## What you need to do
What is needed is an exact reproduction of the listing, without its pictures.

## Supplied data
++++++
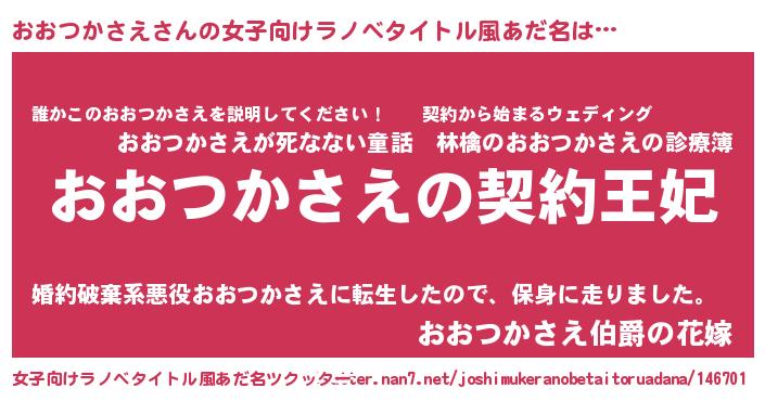 | 男性向けラノベタイトル風あだ名 | 『誰もが恐れるあのおおつかさえが、ぼくの専属メイドになるようです。』 |
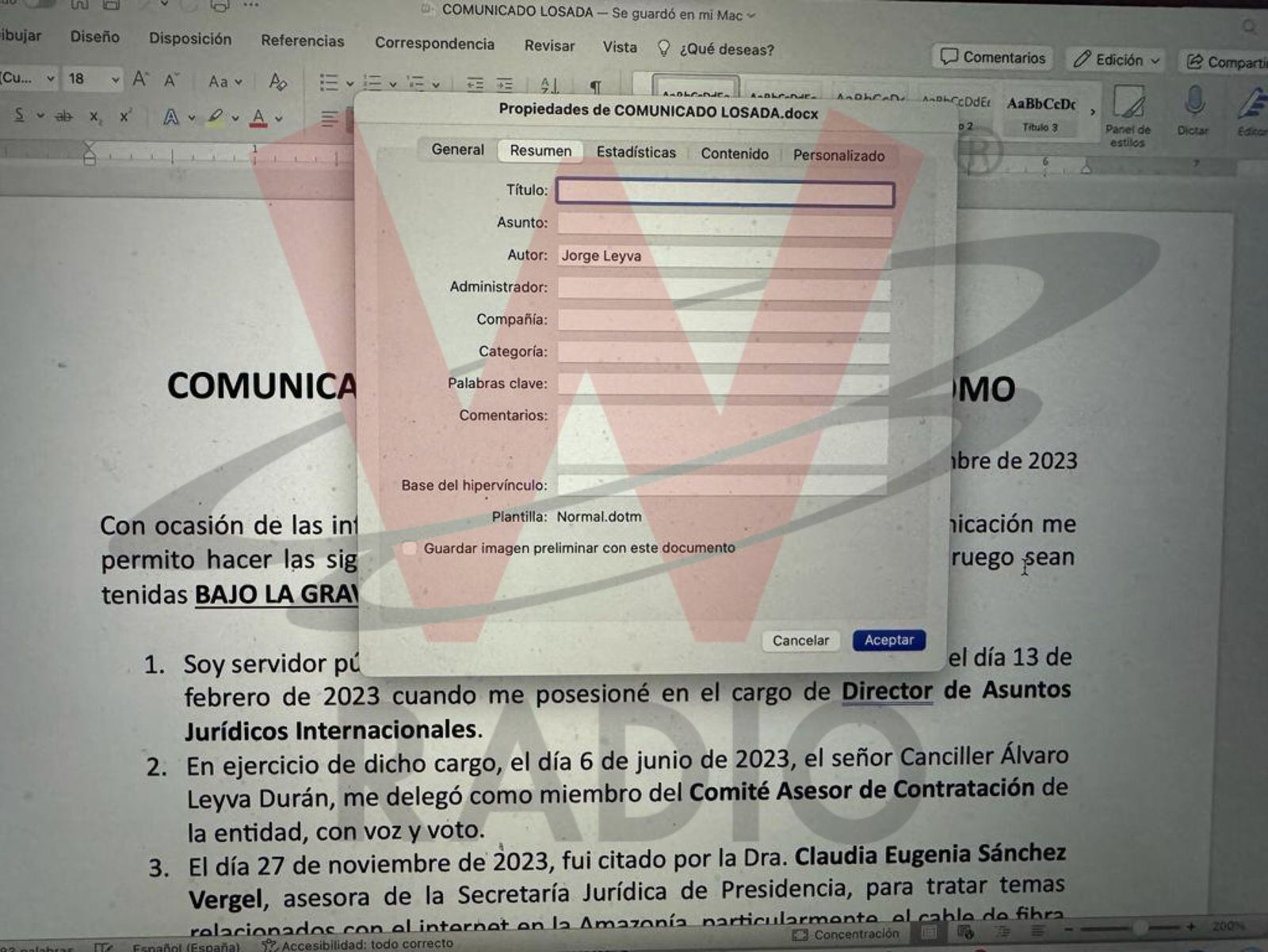 El comunicado pasaría totalmente desapercibido por su absoluta falta de importancia, salvo por un detalle: la metadata del documento electrónico muestra que no fue escrito por Juan Carlos Losada. El verdadero autor del comunicado es Jorge Leyva, el hijo del canciller Álvaro Leyva.
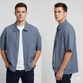 Jaket kemeja pendek ziper kotak biru
++++++
## Answer to this exercise
 | 男性向けラノベタイトル風あだ名 | 『誰もが恐れるあのおおつかさえが、ぼくの専属メイドになるようです。』 |
 El comunicado pasaría totalmente desapercibido por su absoluta falta de importancia, salvo por un detalle: la metadata del documento electrónico muestra que no fue escrito por Juan Carlos Losada. El verdadero autor del comunicado es Jorge Leyva, el hijo del canciller Álvaro Leyva.
 Jaket kemeja pendek ziper kotak biru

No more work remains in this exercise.